Exploring OSINT Tools: From Lightweight to Powerhouse

Disclaimer:

The information provided on this blog is for educational purposes only. The use of hacking tools discussed here is at your own risk.

For the full disclaimer, please click here.

Introduction

Welcome to a journey through the exciting world of Open Source Intelligence (OSINT) tools! In this post, we’ll dive into some valuable tools, from the lightweight to the powerhouse, culminating in the grand reveal of Spiderfoot.

The main star of this post is Spiderfoot, but before we get there, I want to show you some other more lightweight tools you might find useful.

Holehe

While perusing one of my favorite OSINT blogs (Oh Shint), I stumbled upon a gem to enhance my free OSINT email tool: Holehe.

Holehe might seem like a forgotten relic to some, but its capabilities are enduring. Developed by megadose, this tool packs a punch when it comes to unearthing crucial information.

Sherlock

Ah, Sherlock – an old friend in my toolkit. I’ve relied on this tool for countless investigations, probably on every single one. The ability to swiftly uncover and validate your targets’ online presence is invaluable.

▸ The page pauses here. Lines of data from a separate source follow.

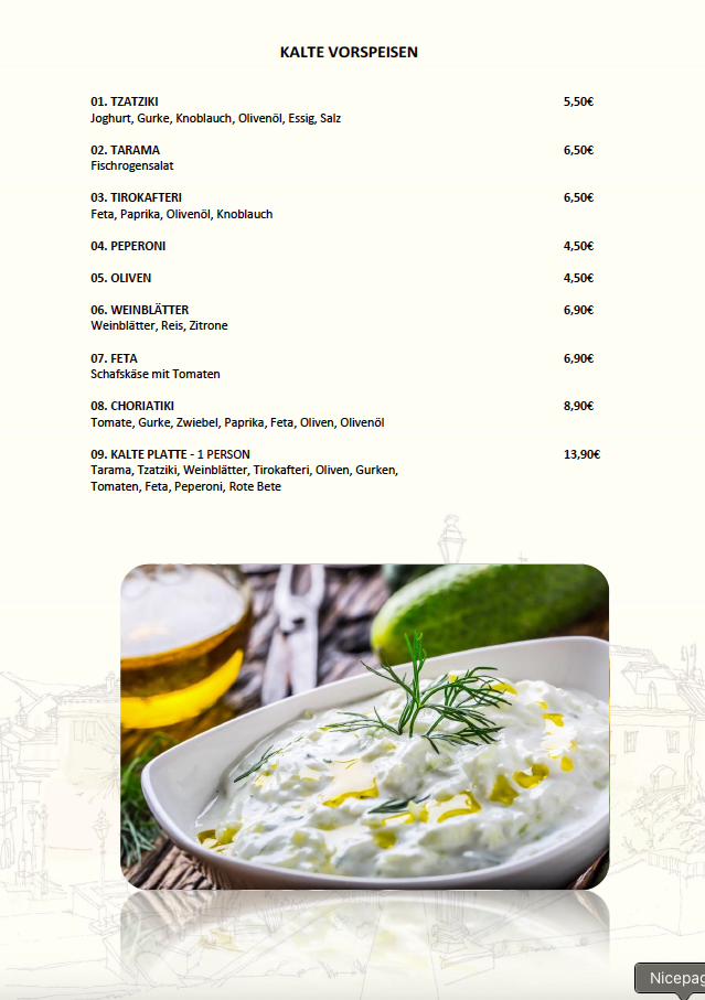 Lassen Sie sich von unserer Speisekarte inspirieren und entdecken Sie die Vielfalt der mediterranen Küche.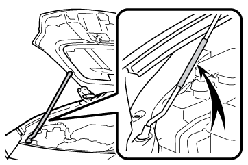 • 走行後のボンネットステーは高温になっています。熱くなったボンネットステーにさわるとやけどなどの重大な傷害を受けるおそれがあります。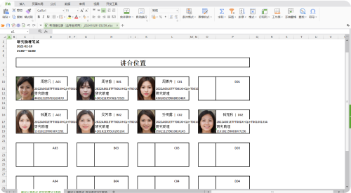 座位表又分為監(jiān)考老師用和張貼用兩種格式:監(jiān)考老師用的座位表的效果與座位安排界面類似,顯示了考生的照片、姓名、準(zhǔn)考證號(hào)、報(bào)考班級(jí)、身份證號(hào)碼,以便監(jiān)考老師核對(duì)考生信息,防止有人替考;張貼用的則只顯示考生姓名和準(zhǔn)考證號(hào),并可選擇是否顯示報(bào)考班級(jí),以防止泄露考生的個(gè)人隱私。
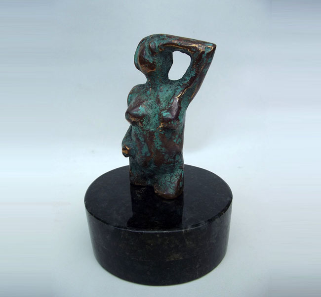 Descrição: Escultura de bronze, nú feminino, sobre base de granito (peça não fixada).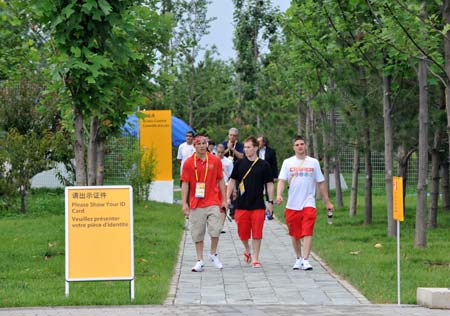 Canadian athletes walk in the Beijing Olympic Village, July 29, 2008. The Olympic Village, which was officially opened on Sunday, will accommodate more than 16,000 athletes and officials from over 200 countries and regions. [Xinhua]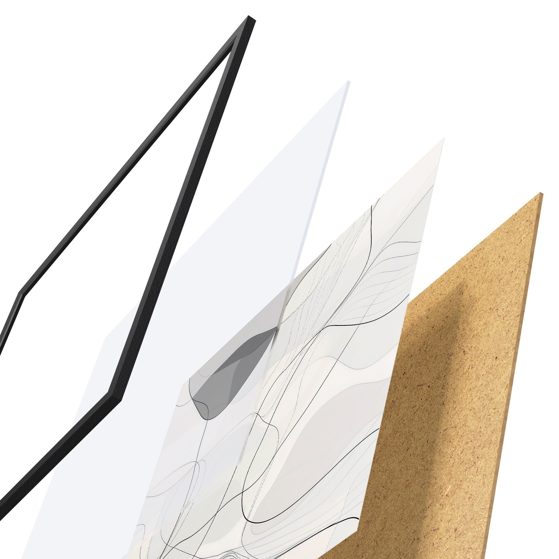 Das Poster besteht aus einem Rahmen, Plexiglas, einem gedruckten Bild und einer Rückwand aus Spanplatten. Dank der Halterungen auf der Rückseite kann das Poster sofort an die Wand gehängt werden.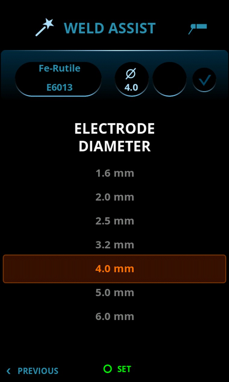 Die Master 315 garantiert optimale Schweißleistung und eine schnelle Parametereinstellung, die durch das innovative Weld Assist Auswahltool unterstützt wird. Weld Assist gewährleistet, dass unabhängig von Ihrer Schweißerfahrung geeignete Parameter für jede Anwendung eingestellt werden. Wählen Sie Elektrodentyp, Elektrodengröße und Fugenart aus, und Weld Assist nimmt die perfekte Einstellung für Sie vor.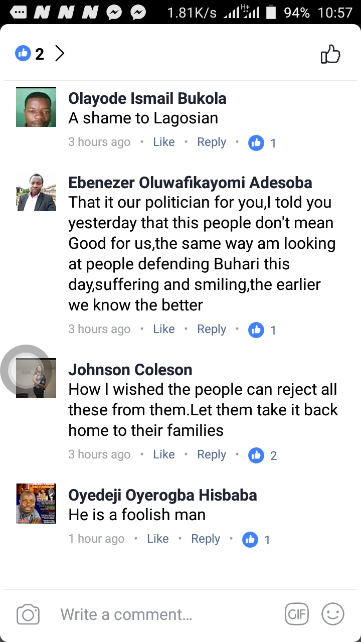 Ebenezer Oluwafikayomi Adesola said, "That is our politician for you, I told you yesterday that this people don't mean Good for us, the same way am looking at people defending Buhari this day, suffering and smiling, the earlier we know the better."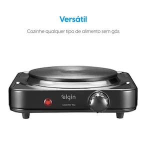 Fogão elétrico portátil com 1 boca, potência de 1000W, controle de temperatura ajustável, base antiderrapante e fácil de limpar. Compatível com diversos tipos de panelas.Lâmpada piloto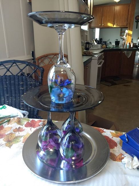 I made these with materials at the dollar tree and household glue! It came up to about 15$ per piece! I made 3 of them! My wedding is universe themed so the colors are blue, purple, black, and silver. Two of the serving trays are for cookies and...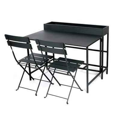 - Fabriqué en acier résistant aux intempéries, cet ensemble de mobilier d'extérieur a été spécialement conçu pour s'adapter aux petits espaces, qu'il s'agisse d'un jardin, d'une terrasse ou d'un balcon.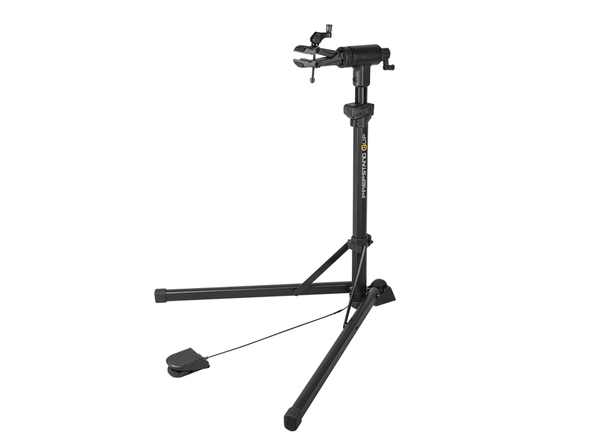 The PrepStand® eUP Pro is the first lift assisted foldable workstand – ideal for working on e-Bikes and other heavyweight bikes. Additional Reinforced Support Unit adds stability while a bike is mounted. The foot pedal operated, built-in pressurized cartridge provides an additional 17kg (37lb) of lifting power making easy work of raising and lowering most bikes weighing up to 35kg (77lb). A 360º rotatable clamp head with non-marring jaws quickly and securely holds your bike stable for repairs, cleaning and general maintenance. Quick release legs conveniently fold to a compact size for travel and storage.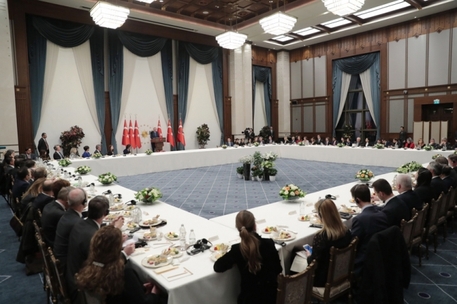 Cumhurbaşkanı Recep Tayyip Erdoğan, Cumhurbaşkanlığı Külliyesi'nde ABD Ticaret Odası ve Amerikan Türk Konseyi üyelerini kabulünde, heyeti misafir etmekten duyduğu memnuniyeti dile getirerek, ziyaretin ekonomik ve ticari ilişkiler başta olmak üzere Türk-Amerikan iş birliğinin güçlenmesine katkı sağlamasını diledi.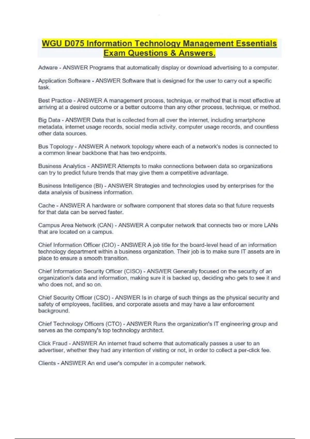 WGU D075 Information Technology Management Essentials Exam Questions & Answers.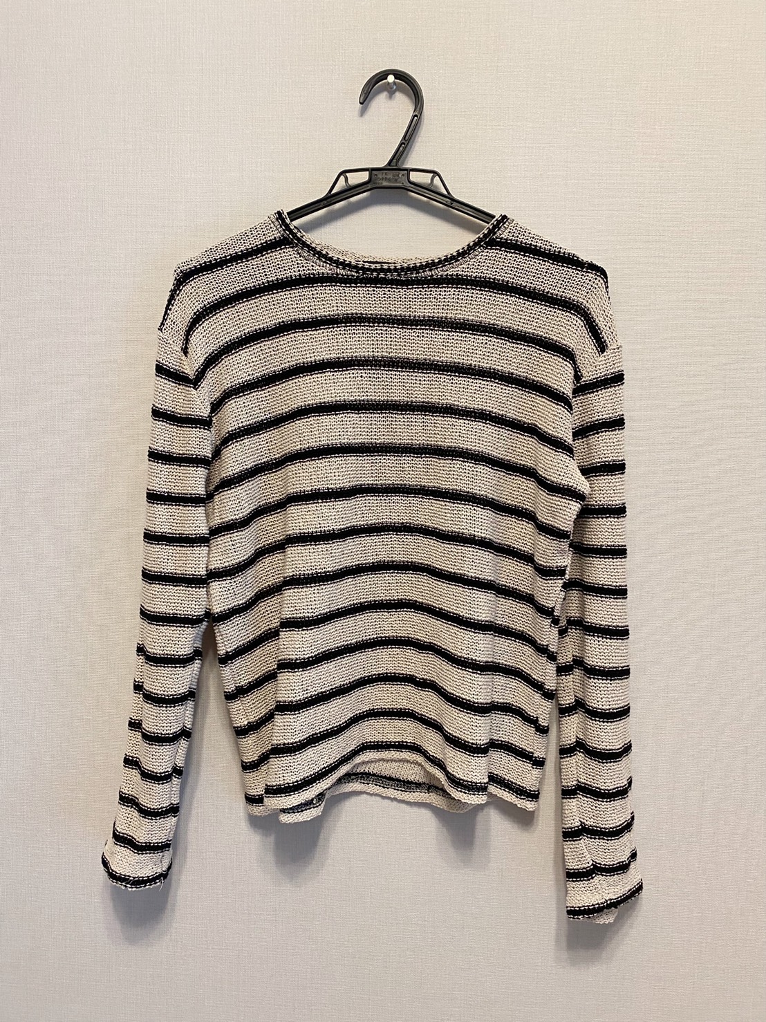 ややオーバーサイズのセーター。透け感があるので、長袖ですが今の季節から着られそうです。ボーダーはコーデのアクセントになるので一枚持っていると便利♩

Sherlock’s prowess lies in its efficiency. Developed by Sherlock Project, it’s designed to streamline the process of gathering information, making it a staple for OSINT enthusiasts worldwide.

Introducing Holehe

First up, let’s shine a spotlight on Holehe, a tool that might have slipped under your radar but packs a punch in the OSINT arena.

Easy Installation

Getting Holehe up and running is a breeze. Just follow these simple steps bewlo. I quickly hopped on my Kali test machine and installed it:

Bash
git clone https://github.com/megadose/holehe.git
cd holehe/
sudo python3 setup.py install

I’d recommend installing it with Docker, but since I reinstall my demo Kali box every few weeks, it doesn’t matter that I globally install a bunch of Python libraries.

Running Holehe

Running Holehe is super simple:

Bash
holehe --no-clear --only-used [email protected]

I used the --no-clear flag so I can just copy my executed command; otherwise, it clears the terminal. I use the --only-used flag because I only care about pages that my target uses.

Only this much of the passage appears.